Material provided Block Start
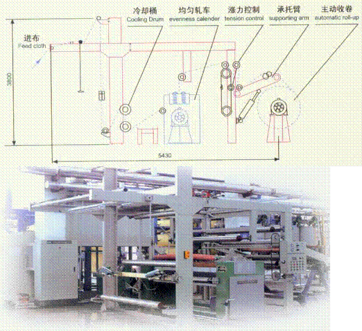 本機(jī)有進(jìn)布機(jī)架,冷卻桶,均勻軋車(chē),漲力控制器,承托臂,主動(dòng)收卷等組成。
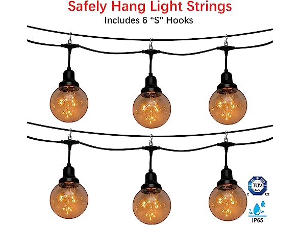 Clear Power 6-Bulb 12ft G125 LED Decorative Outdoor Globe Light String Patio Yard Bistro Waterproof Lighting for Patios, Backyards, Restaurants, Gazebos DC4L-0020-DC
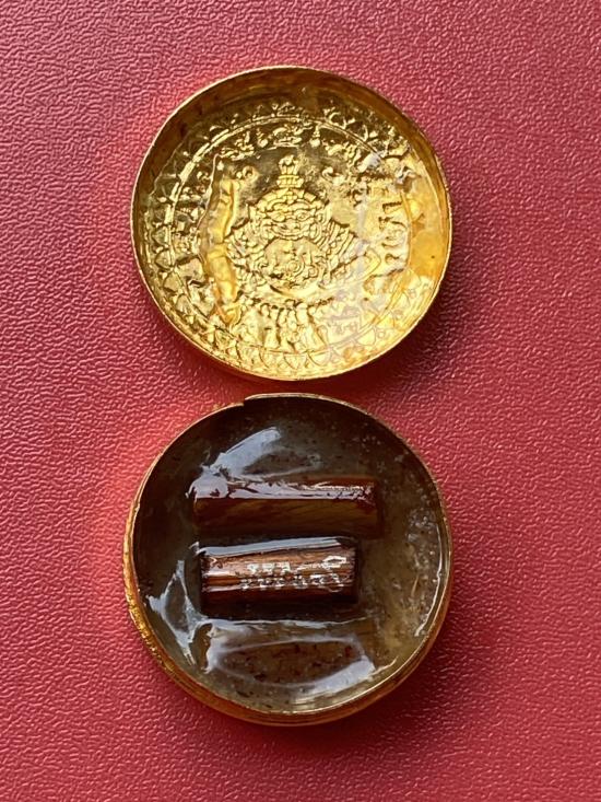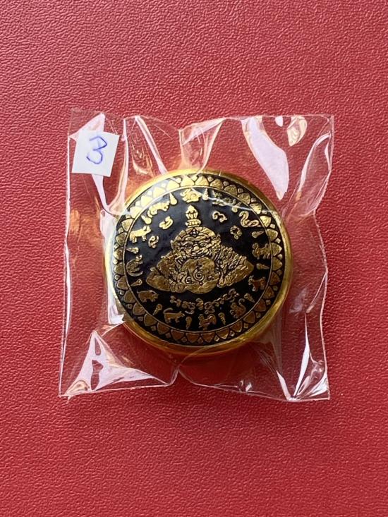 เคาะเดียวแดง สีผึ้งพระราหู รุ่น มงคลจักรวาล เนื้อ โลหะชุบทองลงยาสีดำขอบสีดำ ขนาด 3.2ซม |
Material provided Block End
Material provided Block Start
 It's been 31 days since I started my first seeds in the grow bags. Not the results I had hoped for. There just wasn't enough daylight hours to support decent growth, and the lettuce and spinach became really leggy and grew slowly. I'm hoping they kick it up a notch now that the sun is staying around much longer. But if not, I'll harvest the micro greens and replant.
Material provided Block End
__Exercise directions__
When copying from the data above, print only the lines from the line containing "本機(jī)有進(jìn)布" to the line containing "เคาะเดียวแดง สีผึ้งพระราหู รุ่น", exactly, and leave the pictures out.

__Solution below__
 本機(jī)有進(jìn)布機(jī)架,冷卻桶,均勻軋車(chē),漲力控制器,承托臂,主動(dòng)收卷等組成。
 Clear Power 6-Bulb 12ft G125 LED Decorative Outdoor Globe Light String Patio Yard Bistro Waterproof Lighting for Patios, Backyards, Restaurants, Gazebos DC4L-0020-DC
 เคาะเดียวแดง สีผึ้งพระราหู รุ่น มงคลจักรวาล เนื้อ โลหะชุบทองลงยาสีดำขอบสีดำ ขนาด 3.2ซม |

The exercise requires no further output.